Before mosquitoes there were women; and he proudly washed the dishes, went to women's solidarity conferences, confronted corporations and universities to remove the glass ceiling, marched on the Mall for abortion rights and an end to misogyny and male privilege.  He thought he had found himself again, for there was a camaraderie in the women's movement that resembled, albeit in a somewhat diluted way, that of Selma; but the end came not of his own choosing.  'Balls don't cut it', said a tough bitch organizer from Bernal Heights.  From now on it was to be a woman-only movement. 

Before that was the anti-nuclear peace movement, a real existential cause.  One errant hand on the nuclear trigger meant absolute destruction, The Big One, the real Armageddon.  Bob had grown up in the 'duck-and-cover' days of the Cold War, and fear of Russian nuclear bombs was real, so his heart and soul were in the movement without thinking.  Yet he was not up to confronting the Pentagon and its Dr.
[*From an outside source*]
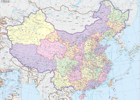 2.用轮廓线或色块表示中国疆域范围,南海诸岛范围线可不表示,但必须表示南海诸岛、钓鱼岛、赤尾屿等重要岛屿岛礁;

Strangelove 'preverts'. The tanks on the lawn and the thousand American flags flying were intimidating and reminded him of Fourth of July, a holiday best forgotten for its militarism and faux patriotism. 

Nor was Bob comfortable with the New Age, give-peace-a-chance wobblies who wanted to hug and comfort the Russians and show love.  Not quite the 'simpering fools' they had been branded by Army veterans, but near enough. 

And before that was civil rights, his hope and glory, the one period of his life where everything came together - youth, enthusiasm, righteousness, camaraderie, and love - and now, looking back, his greatest moment, never to be recaptured. 

Bob flapped on about carbon levels, ozone layers, melting ice caps, coal, and corporate indifference; but it was a rote performance.  It had no juice, no elevation, no spirit; and left the young students sitting on their hands. That was it, Bob thought, time to hang it up, retire to Florida, and break out the chaise lounge. 

'Don't be so discouraged', said his wife, also a social justice warrior, veteran of the same bus rides, protests, and demonstrations as her husband; but he was in a morbid funk; until he saw a dead whale on the beach and thought there might be something in it for him - runoff, broken food chain, viral spread.  He got up and gawked at the dead beast and smiled.